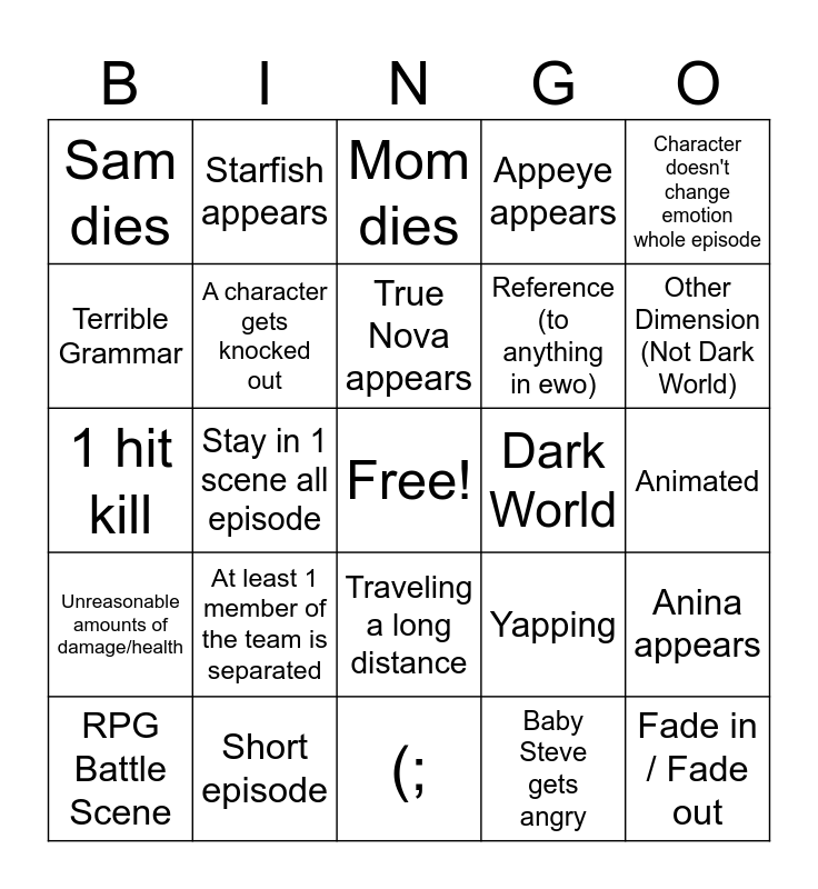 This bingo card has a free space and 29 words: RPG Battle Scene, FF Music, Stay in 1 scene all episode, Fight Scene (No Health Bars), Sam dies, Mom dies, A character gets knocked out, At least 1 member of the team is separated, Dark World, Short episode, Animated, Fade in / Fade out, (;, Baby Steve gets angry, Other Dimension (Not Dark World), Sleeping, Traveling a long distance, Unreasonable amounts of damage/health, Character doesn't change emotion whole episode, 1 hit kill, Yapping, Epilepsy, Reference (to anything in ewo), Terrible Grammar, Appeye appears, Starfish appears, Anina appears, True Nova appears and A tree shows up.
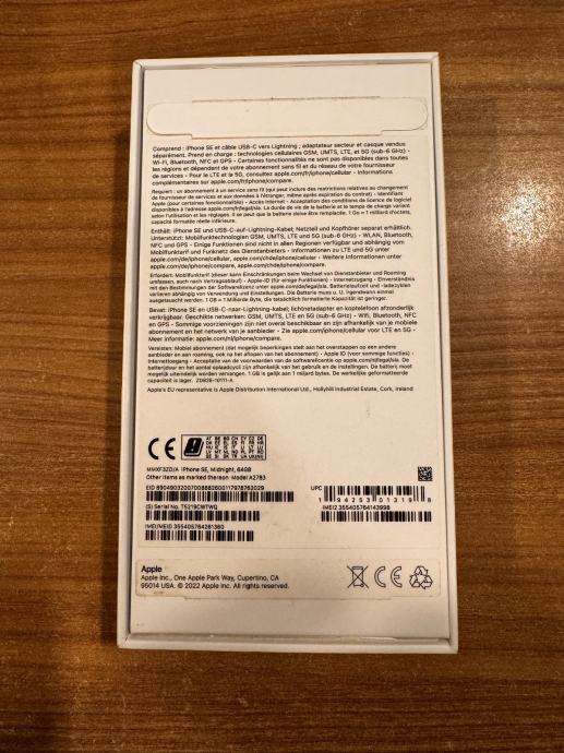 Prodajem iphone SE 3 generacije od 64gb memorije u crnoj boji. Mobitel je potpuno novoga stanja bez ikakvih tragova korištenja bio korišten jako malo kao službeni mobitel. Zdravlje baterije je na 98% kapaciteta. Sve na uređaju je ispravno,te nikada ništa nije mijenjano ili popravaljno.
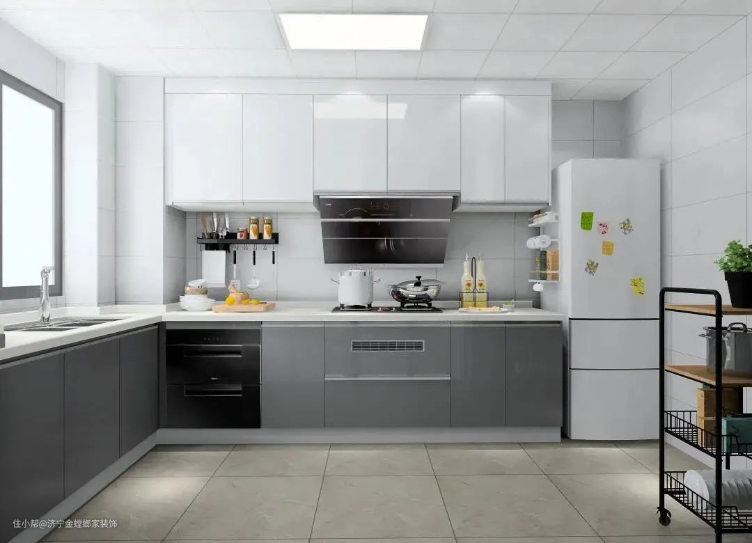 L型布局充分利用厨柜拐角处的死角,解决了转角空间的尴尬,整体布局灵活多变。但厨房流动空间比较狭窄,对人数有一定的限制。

◆ ◆ ◆ ◆

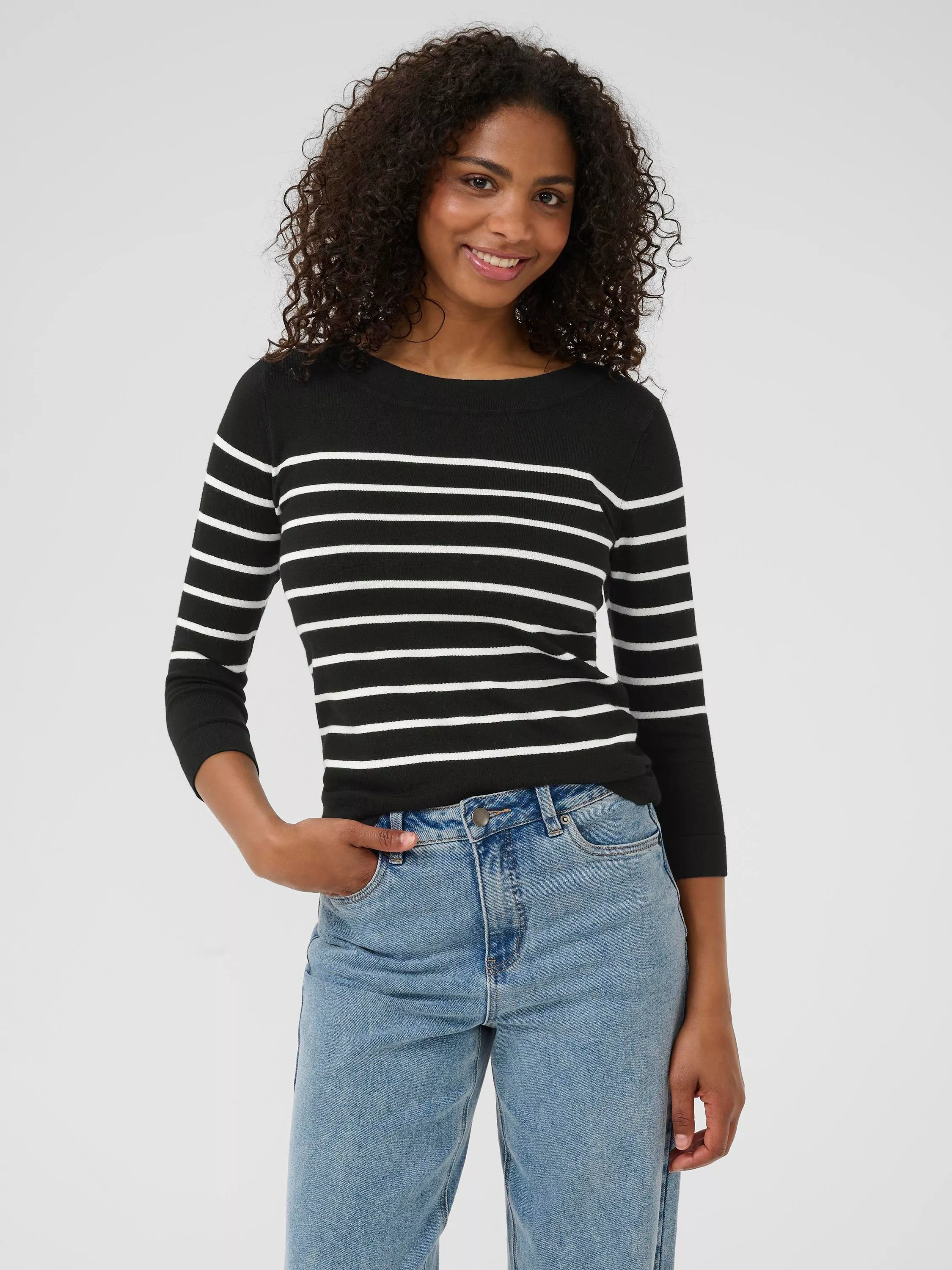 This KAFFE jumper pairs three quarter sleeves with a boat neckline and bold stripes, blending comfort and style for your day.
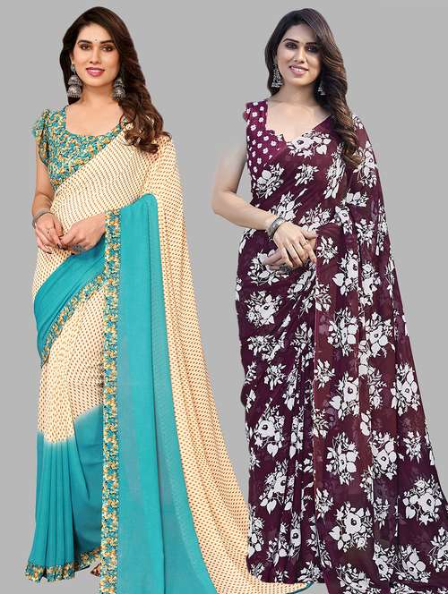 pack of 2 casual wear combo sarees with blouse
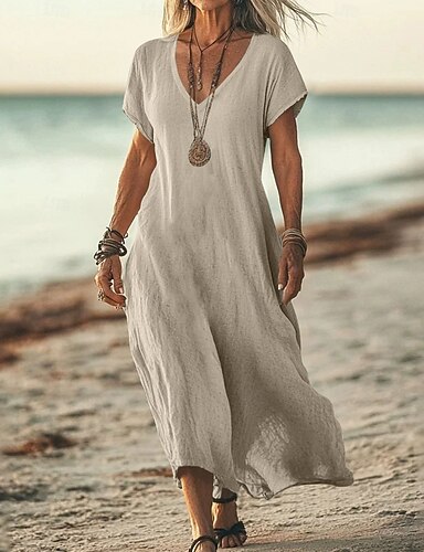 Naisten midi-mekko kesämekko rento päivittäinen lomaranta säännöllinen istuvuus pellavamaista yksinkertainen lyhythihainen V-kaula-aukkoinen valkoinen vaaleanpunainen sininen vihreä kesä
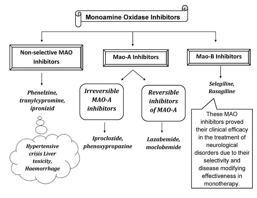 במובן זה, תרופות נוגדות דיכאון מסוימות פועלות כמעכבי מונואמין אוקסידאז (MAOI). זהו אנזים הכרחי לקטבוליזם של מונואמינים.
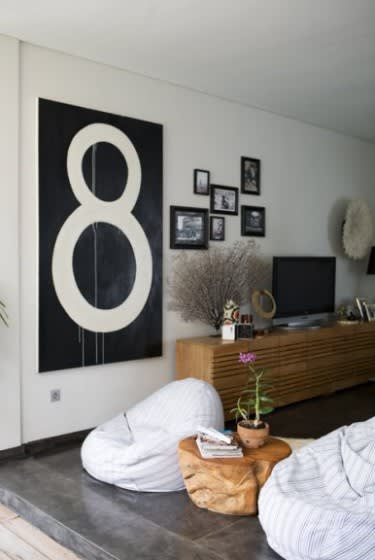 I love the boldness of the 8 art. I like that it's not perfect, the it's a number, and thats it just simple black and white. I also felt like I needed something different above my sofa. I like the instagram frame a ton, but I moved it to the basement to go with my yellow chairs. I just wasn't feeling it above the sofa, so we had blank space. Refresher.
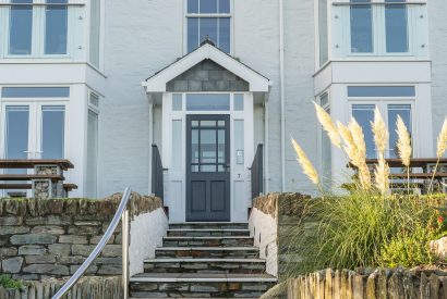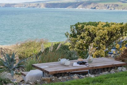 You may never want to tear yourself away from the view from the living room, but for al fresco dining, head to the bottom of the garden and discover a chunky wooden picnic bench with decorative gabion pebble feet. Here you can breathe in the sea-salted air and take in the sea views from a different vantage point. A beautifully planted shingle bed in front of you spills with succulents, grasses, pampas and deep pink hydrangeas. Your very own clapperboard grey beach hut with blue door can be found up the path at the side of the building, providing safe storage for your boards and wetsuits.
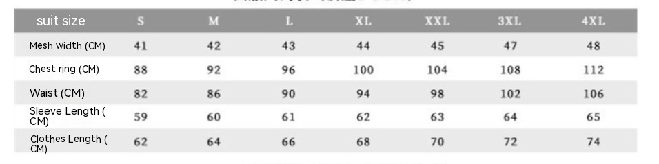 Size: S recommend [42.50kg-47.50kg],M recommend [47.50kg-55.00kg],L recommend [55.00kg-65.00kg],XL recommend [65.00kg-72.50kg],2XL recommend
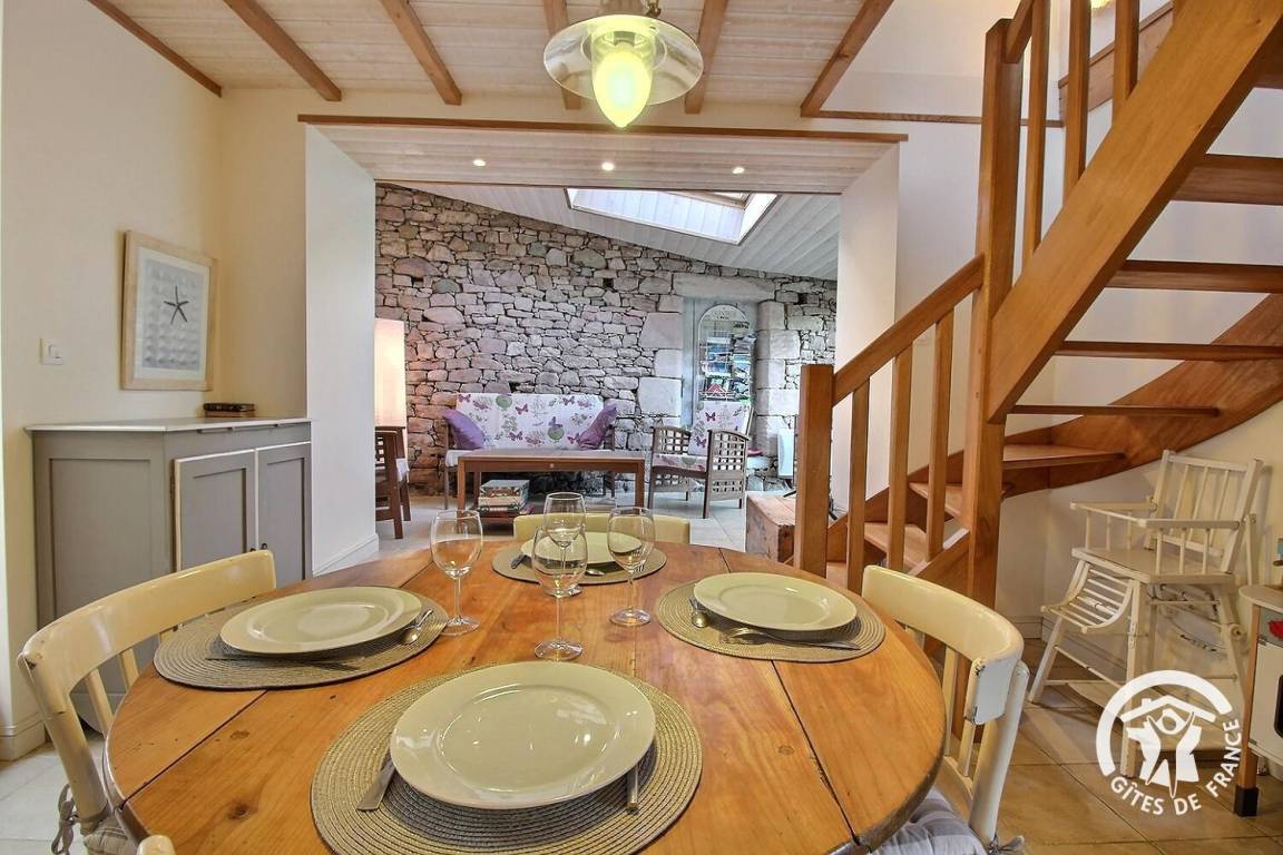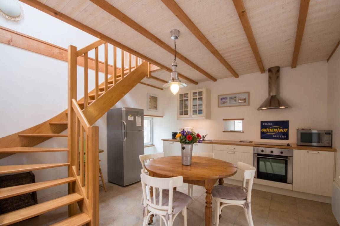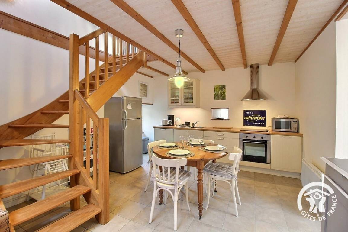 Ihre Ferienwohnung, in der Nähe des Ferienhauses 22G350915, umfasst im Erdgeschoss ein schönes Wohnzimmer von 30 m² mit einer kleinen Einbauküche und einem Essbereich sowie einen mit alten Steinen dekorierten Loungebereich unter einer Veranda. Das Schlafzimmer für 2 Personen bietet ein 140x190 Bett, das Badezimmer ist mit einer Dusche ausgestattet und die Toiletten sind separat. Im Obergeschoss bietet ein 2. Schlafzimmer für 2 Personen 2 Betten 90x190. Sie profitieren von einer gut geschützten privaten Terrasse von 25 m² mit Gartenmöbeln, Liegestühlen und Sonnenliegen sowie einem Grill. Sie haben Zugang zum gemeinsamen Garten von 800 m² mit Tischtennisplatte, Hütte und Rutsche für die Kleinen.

◆ ◆ ◆ ◆

What to do:
Print nothing except the lines above from the one containing "This KAFFE jumper" down to the one containing "pack of 2 casual", both included, exactly as written and free of pictures.

Exercise response:
 This KAFFE jumper pairs three quarter sleeves with a boat neckline and bold stripes, blending comfort and style for your day.
 pack of 2 casual wear combo sarees with blouse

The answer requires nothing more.